Queuing Networks for the Optimization of Cell Factories

View all posters

Haseong Kim, Haseong Kim, Bong Hyun Sung, Daehee Lee, Jien Lee, and Seung-Goo Lee

Korea Research Institute of Bioscience and Biotechnology, South Korea

The development of synthetic biology enables genetically modified microbes to produce useful biochemicals especially for the cost-effective and sustainable green chemistry. Currently one of the essential tasks of the cell factory research is to optimize the bioprocess of the target chemicals for maximizing the production efficiency.
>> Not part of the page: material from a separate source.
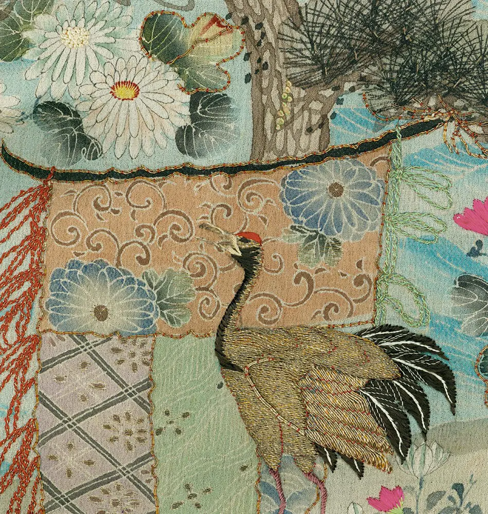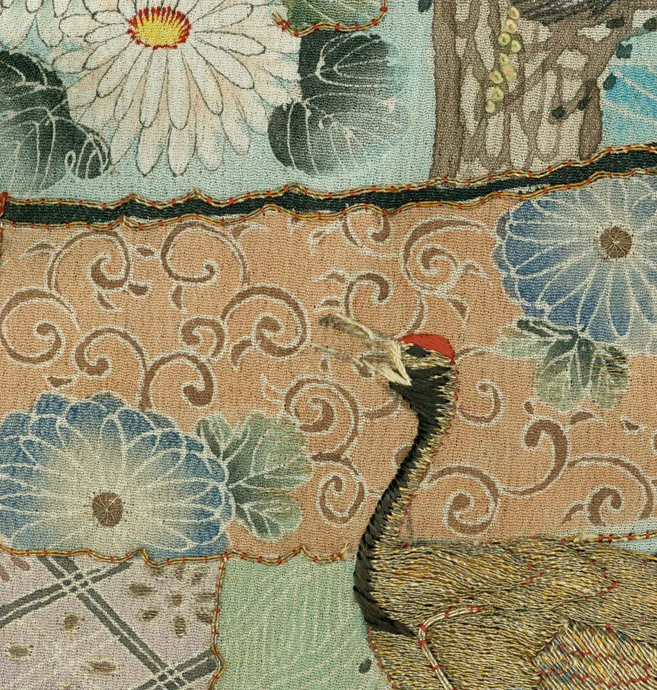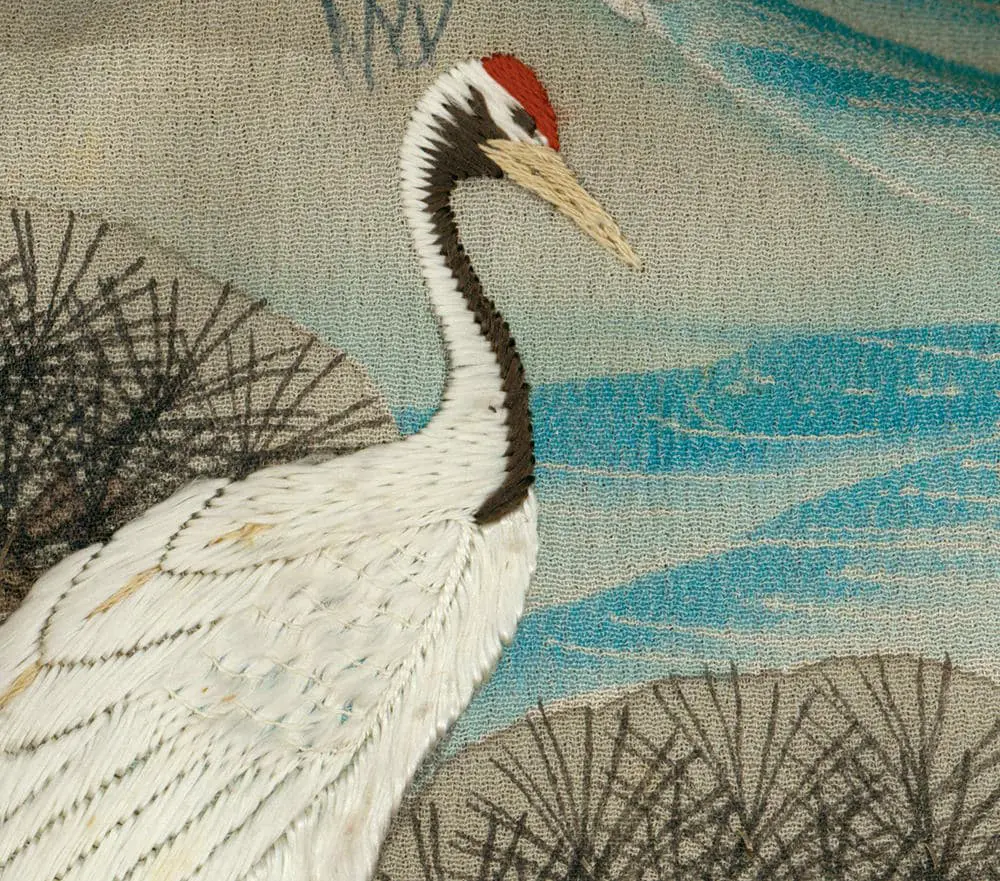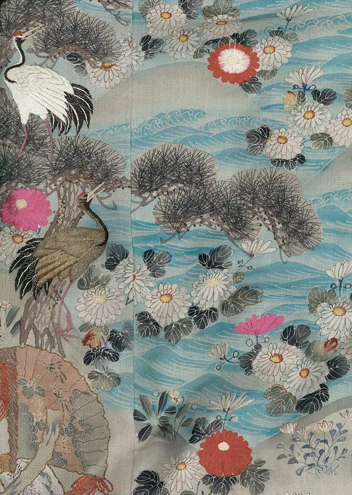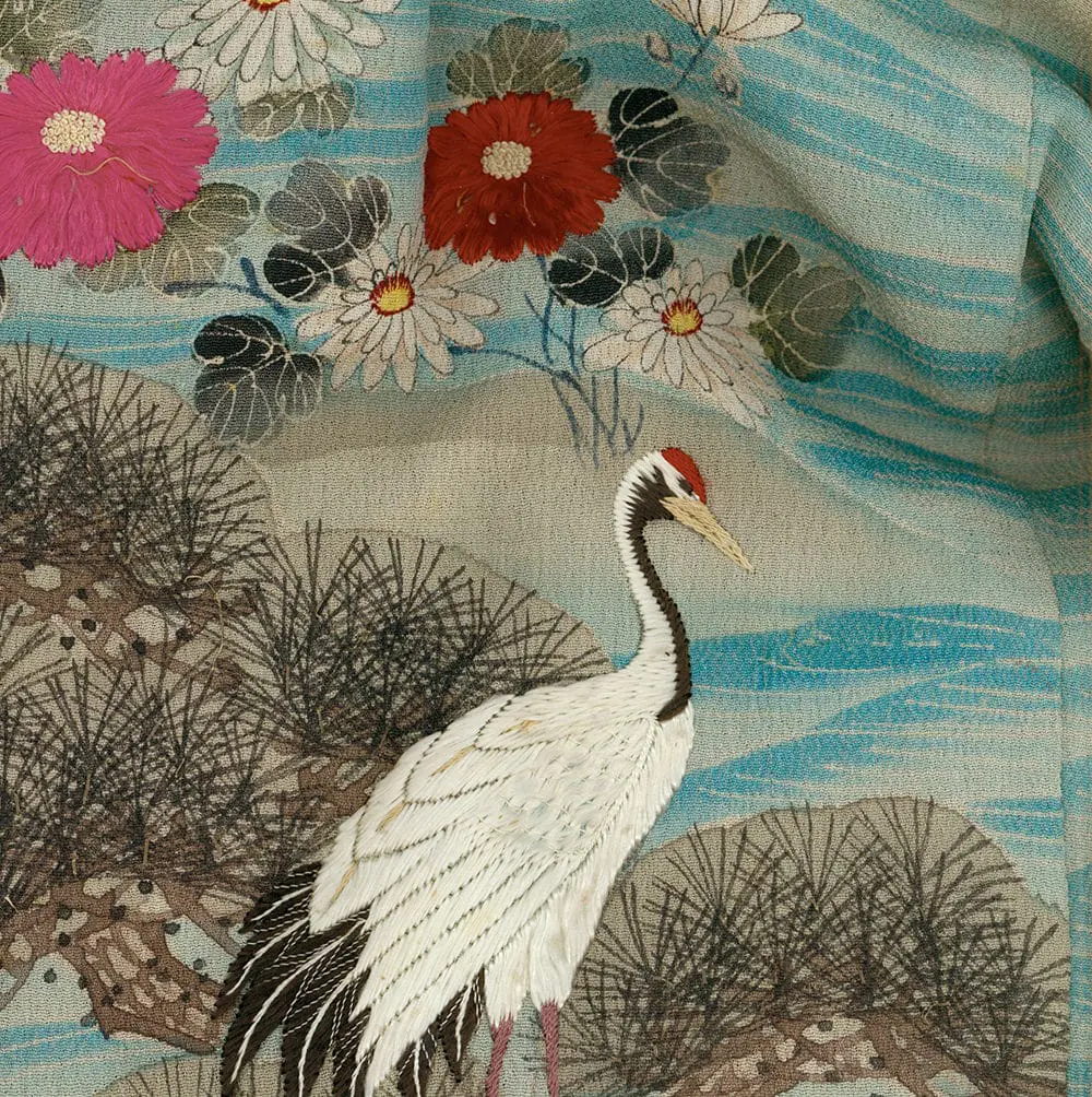 This chirimen silk furisode-style uchikake represents a masterful synthesis of traditional Japanese decorative techniques and auspicious symbolism, executed during the transformative Meiji period. The garment's composition creates a flowing aquatic landscape where stylized blue waves meander across the lower portion of the kimono, providing a dynamic foundation for an array of symbolic motifs. Elegant cranes with pristine white plumage and distinctive black wing markings are positioned prominently throughout the design, their graceful forms rendered with remarkable naturalistic detail through a combination of yuzen painting and delicate embroidery work.

To this end, we have applied the G-network which is a type of queuing networks that have had a broad range of applications ranging from the evaluation of production efficiency in a factory to the performance analysis of computer systems and network routing. Although molecule based modeling is limited by the nature the queuing system (e.g. merging and spiriting of a molecule), we show that a latent molecule containing the expression information of related chemical species successfully describes the chemical reaction processes by modeling the flows of the latent molecule. As an example, a genetic circuit consisting of two AND gates, one Input and one GFP output is modeled along with the single cell based GFP fluorescence level from a high-throughput flow cytometry technique. Thanks to the analytical steady-state solution of the G-networks, we can evaluate the circuit performance and its dynamics without time demanding computational simulations. Although the G-network approach still has limitations for describing a non-steady-state system such as oscillatory expressions, it will be beneficial for optimizing the complex cell factory involving tens of hundreds of molecules by detecting bottle necks in a target chemical production pathway.